Medicare Compliance & Reimbursement

PART D:

5 Ways Part D Plans Are Positioning For New Business

New studies reveal what worked for PDP frontrunners in 2006.

Whether they offer a standalone prescription drug plan or a Medicare Advantage plan, the steps carriers take now to attract and keep hold of their Medicare Part D enrollees will be critical to their success in 2006 and beyond.

Although Part D is still gaining its legs, it's already clear which plans are achieving success offering the benefit. The Kaiser Family Foundation commissioned two new studies that reveal who the Part D frontrunners are and what they've done to position themselves for success. Here are five tips from the experts that plans are using to catch up, pull ahead and pave new ground in the PDP market.

1. Leveraging Brand Partnerships

The discount card program that many PDPs were involved in prior to Part D appeared to position those organizations well for 2006, notes Marsha Gold, Mathematica Policy Research senior fellow and author of the studies. Nine out of 10 firms offering national PDPs either offered a prescription drug discount card in 2004-2005 or partnered with a firm that did.

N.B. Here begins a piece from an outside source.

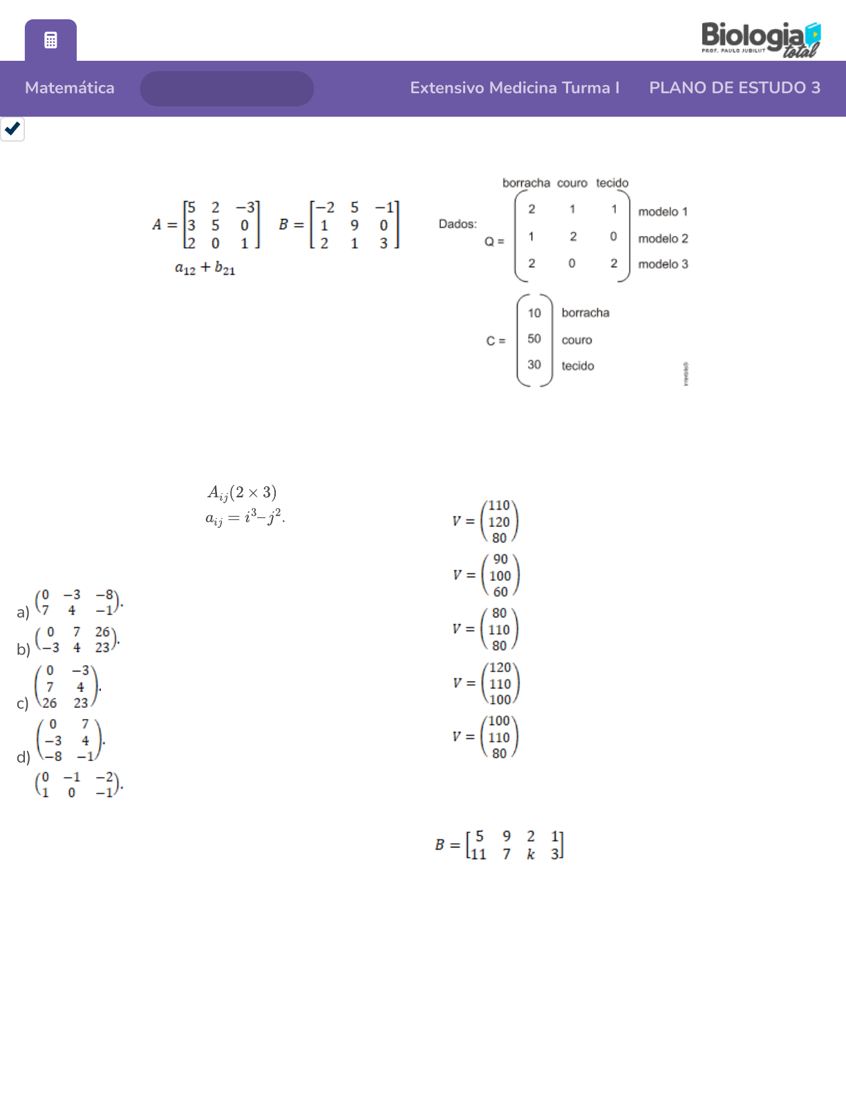 / Matemática Lista de Exercícios Extensivo Medicina Turma I PLANO DE ESTUDO 3 Ex.6 Matrizes Dadas as matrizes e , o resultado da soma: é: Ex.3 Matrizes (G1 - ifal 2016) A matriz tem elementos de�nidos pela expressão Portanto, a matriz A é: Ex.12 Matrizes (Uel 2011) Uma indústria utiliza borracha, couro e tecido para fazer três modelos de sapatos. A matriz Q fornece a quantidade de cada componente na fabricação dos modelos de sapatos, enquanto a matriz C fornece o custo unitário, em reais, destes componentes. A matriz V que fornece o custo �nal, em reais, dos três modelos de sapatos é dada por: Ex.17 Matrizes Seja A uma matriz quadrada de ordem 2 e . Considerando C a matriz tal que C=A.B, é correto a�rmar que: I. A matriz C é uma matriz quadrada de ordem 2 II. A matriz C possui 2 linhas e 4 colunas III. Não é possível calcular a matriz C, pois o número de linhas de A é diferente do número de colunas de B. Imprimir mais exercícios por página a) 4 b) -4 c) 2 d) -2 e) 3 (2 × 3)Aij = – .aij i3 j2 a) b) c) d) e) a) b) c) d) e) / Estão corretas as a�rmativas: Ex.25 Matrizes (Esc. Naval 2013) Sejam e e B' a transposta de B. O produto da matriz A pela matriz B' é Ex.9 Matrizes (Eear 2016) Se e são matrizes opostas, os valores de a, b, x e k são respectivamente Ex.13 Matrizes (Uern 2012) Sejam as matrizes O menor elemento da matriz P é Ex.5 Matrizes (Unicamp 2016) Em uma matriz, chamam-se elementos internos aqueles que não pertencem à primeira nem à última linha ou coluna. O número de elementos internos em uma matriz com 5 linhas e 6 colunas é igual a Ex.7 Matrizes Considere a matriz de ordem 4x4, em que aij = 0 se i ≠ j e aij = 1 se i = j. É correto a�rmar que: Ex.24 Matrizes (Unicamp 2015) Considere a matriz onde a e b são números reais. Se e A é invertível, então Ex.21 Matrizes (Ufc 2009) O valor quando e é igual a: a) I apenas. b) II apenas. c) I e III apenas. d) II e III apenas. a) b) c) d) e) a) 1, -1, 1, 1 b) 1, 1, -1, -1 c) 1, -1, 1, -1 d) -1, -1, -2, -2 a) – 7. b) – 1. c) – 5. d) 2. a) 12. b) 15. c) 16. d) 20. A = [ ]aij 01) A matriz A é uma matriz quadrada 02) A matriz A é uma matriz identidade 04) O elemento 08) O elemento 16) O elemento a) a=1 e b=1. b) a=1 e b=0. c) a=0 e b=0. d) a=0 e b=1. / Ex.15 Matrizes (Uel 2015) Uma reserva �orestal foi dividida em quadrantes de 1 m² de área cada um. Com o objetivo de saber quantas samambaias havia na reserva, o número delas foi contado por quadrante da seguinte forma: O elemento da matriz A corresponde ao elemento da matriz B, por exemplo, 8 quadrantes contêm 0 (zero) samambaia, 12 quadrantes contêm 1 samambaia. Assinale a alternativa que apresenta, corretamente, a operação efetuada entre as matrizes A e B, que resulta no número total de samambaias existentes na reserva �orestal. Ex.22 Matrizes (Unicamp 2017) Sendo a um número real, considere a matriz Então, é igual a Ex.2 Matrizes (Ueg 2019) A matriz triangular de ordem 3, na qual para e para é representada pela matriz Ex.19 Matrizes (Fgvrj 2012) Seja X a matriz que satisfaz a equação matricial X.A = B, em que: e Ao multiplicar os elementos da matriz X , obteremos o número: a) b) c) d) e) a) b) c) d) e) A2017 a) b) c) d) = 0aij i > j = 4i − 5j + 2aij i ≤ j a) b) c) d) e) a) - 1 b) - 2 c) 1 d) 2 e) 0 / Ex.14 Matrizes (Uern 2015) Considere a seguinte operação entre matrizes: . A soma de todos os elementos da matriz K é: Ex.16 Matrizes (Fgv 2013) Sabendo que a inversa de uma matriz A é e que a matriz X é solução da equação matricial X⋅ A=B, em que podemos a�rmar que a soma dos elementos da matriz X é Ex.23 Matrizes (Pucrs 2015) Dada a matriz e a função f, de�nida no conjunto das matrizes 2×2 por então f(A) é Ex.20 Matrizes (Fgv 2016) Dada a matriz e sabendo que a matriz é a matriz inversa da matriz A, podemos concluir que a matriz X, que satisfaz a equação matricial A.X=B, tem como soma de seus elementos o número Ex.1 Matrizes (G1 - epcar (Cpcar) 2020) Um jogo consiste na disputa de dois adversários que, em um tabuleiro quadrado, dividido em outros quadrados menores e congruentes, conforme �gura abaixo, devem conseguir alinhar VERTICALMENTE, HORIZONTALMENTE ou em DIAGONAL, quatro algarismos iguais. Cada jogador, após escolher o algarismo com o qual irá preencher os quadrados menores, escreve um número por vez, em qualquer quadrado menor do tabuleiro, e passa a vez para o adversário. Vence o primeiro que alinhar os quatro algarismos iguais. No quadrado abaixo, estão registradas, numa partida desse jogo, as jogadas de Lucas, que escolheu o algarismo 5 e as jogadas de Mateus, que escolheu o algarismo 7. a) 1. b) 3. c) 4. d) 7. a) 7 b) 8 c) 9 d) 10 e) 11 a) b) c) d) e) a) 14 b) 13 c) 15 d) 12 e) 16 / Analise cada proposição abaixo quanto a ser (V) Verdadeira ou (F) Falsa. ( ) Se o próximo jogador for Lucas, ele não terá chance de ganhar o jogo, nessa jogada. ( ) Se o próximo jogador for Mateus, então, para garantir a vitória nessa jogada, ele poderá escrever o algarismo 7 em duas posições. ( ) Se Mateus for o próximo a jogar e NÃO escrever o algarismo 7 em um quadrado que dê a vitória a ele, então, Lucas poderá ganhar a partida na jogada seguinte à de Mateus. Sobre as proposições, tem-se que Ex.18 Matrizes (Mackenzie 2015) Se e os inteiros x e y são tais que então: Ex.4 Matrizes (G1 - ifsul 2017) A temperatura da cidade de Porto Alegre – RS foi medida, em graus Celsius, três vezes ao dia, durante 6 dias. Cada elemento da matriz corresponde à temperatura observada no tempo do dia Com base nos dados da matriz A, analise as seguintes proposições: I. A temperatura mínima registrada está na posição II. A maior variação de temperatura registrada entre os tempos 1 e 2 aconteceu no primeiro dia. III. A temperatura máxima registrada está na posição Estão corretas as a�rmativas Ex.11 Matrizes (G1 - ifsc 2011) Sobre as propriedades da matriz transposta,

Discount drug cards gave plans a customer base that was easy to convert, plus access to a sales channel to do it, Gary Donner, MMC 20/20 principal, tells Eli.

"The discount cards were really just a warm-up act for most of the players," Avalere Health's senior vice president, Bob Atlas, tells Eli. No one expected the discount card business to generate significant revenue, he says. The real return on plans' investment in a discount card program was the ability to position themselves with organizations that would help secure significant Part D enrollment and ensure a smooth transition into the new benefit.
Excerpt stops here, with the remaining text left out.